ABOUT THIS TASK>
Write out exactly the lines from the one that contains "有効性が科学的に証明されてい" down to the last line of the material below, keeping both ends and omitting pictures.

**********

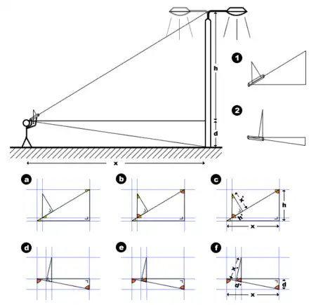 Es conocido desde la Grecia clásica que es posible medir por semejanza de triángulos la altura de un objeto sin necesidad de acceder hasta su punto más alto si se puede medir su sombra.[4] Un simple hipsómetro de escala permite calcular la altura de un edificio o un árbol leyendo la medida de una plomada sobre una regla con la que se apunta a la parte superior de un objeto cuando se conoce la distancia desde el objeto hasta el observador. Los hipsómetros modernos usan una combinación de telémetro láser y clinómetro para medir distancias a la parte superior e inferior de los objetos y el ángulo entre las líneas desde el observador hasta cada uno de estos dos puntos para calcular la altura.
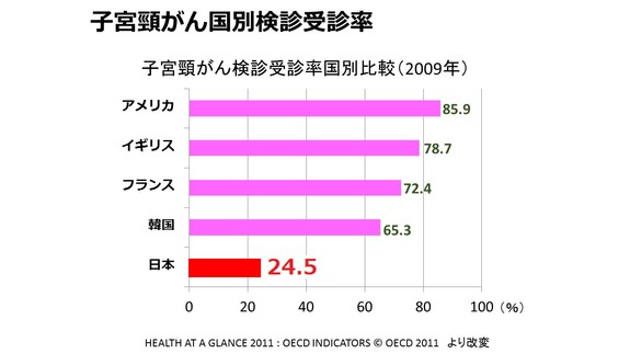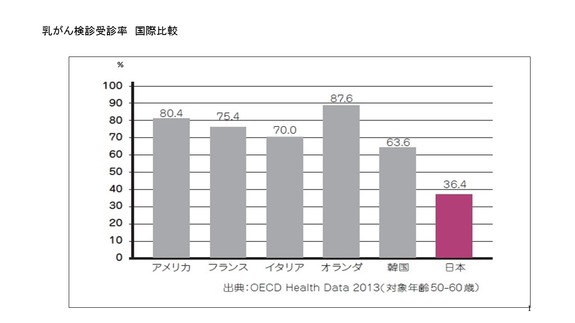 有効性が科学的に証明されている「乳がん・子宮頸がん検診」乳がん・子宮頸がん検診率が先進国では最低ラインです。
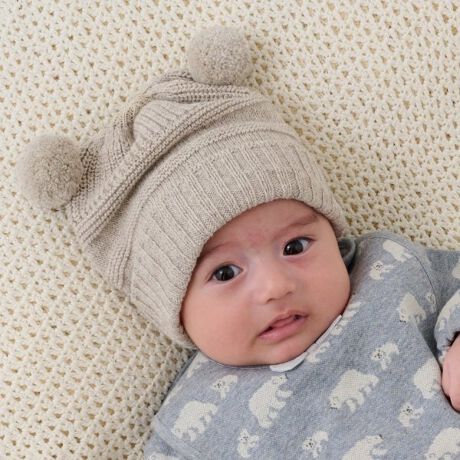 クマのお耳のようなポンポンがかわいい帽子です。
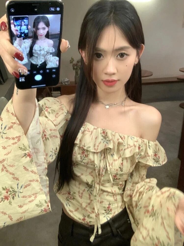 フレンチスイートホットガールフリルスラッシュネックシャツ春花柄スリムフィット不規則ボトリングトップ 大人ガーリー スウィート キュート カジュアル スプリング 春物
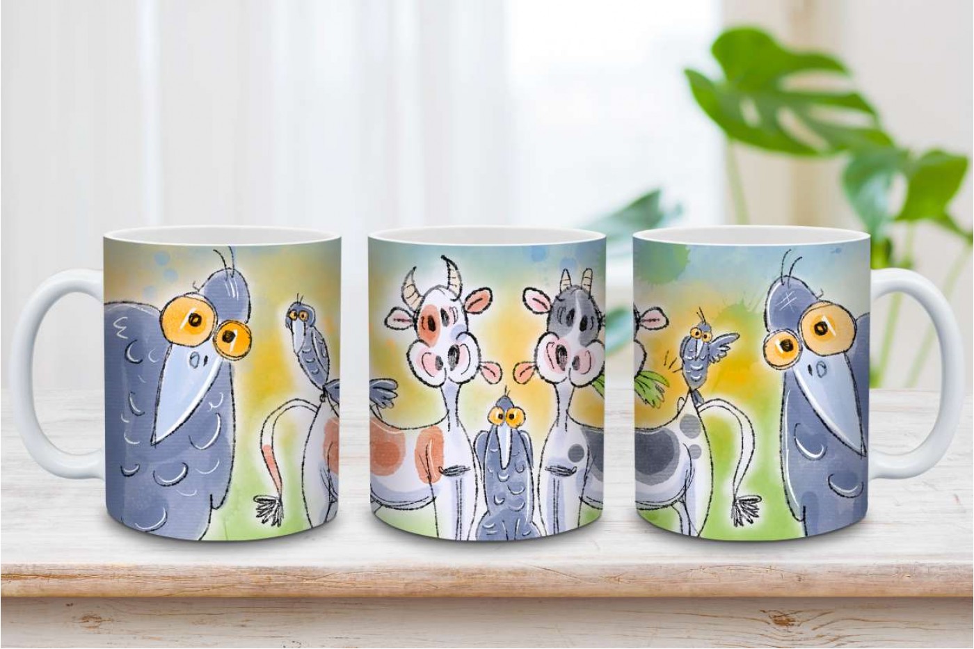 Ez a különleges panoráma varjas bögre mókás, nagy szemű madarakkal és vidám bocikkal készült, akik együtt pózolnak a színes háttéren. A rajzolt karakterek játékos arckifejezése abszolút egyedi hangulatot ad, így tökéletes választás mindenkinek, aki szereti a humoros állatos mintákat és a különleges illusztrációkat.

**********

RESPONSE TO THIS EXERCISE>
 有効性が科学的に証明されている「乳がん・子宮頸がん検診」乳がん・子宮頸がん検診率が先進国では最低ラインです。
 クマのお耳のようなポンポンがかわいい帽子です。
 フレンチスイートホットガールフリルスラッシュネックシャツ春花柄スリムフィット不規則ボトリングトップ 大人ガーリー スウィート キュート カジュアル スプリング 春物
 Ez a különleges panoráma varjas bögre mókás, nagy szemű madarakkal és vidám bocikkal készült, akik együtt pózolnak a színes háttéren. A rajzolt karakterek játékos arckifejezése abszolút egyedi hangulatot ad, így tökéletes választás mindenkinek, aki szereti a humoros állatos mintákat és a különleges illusztrációkat.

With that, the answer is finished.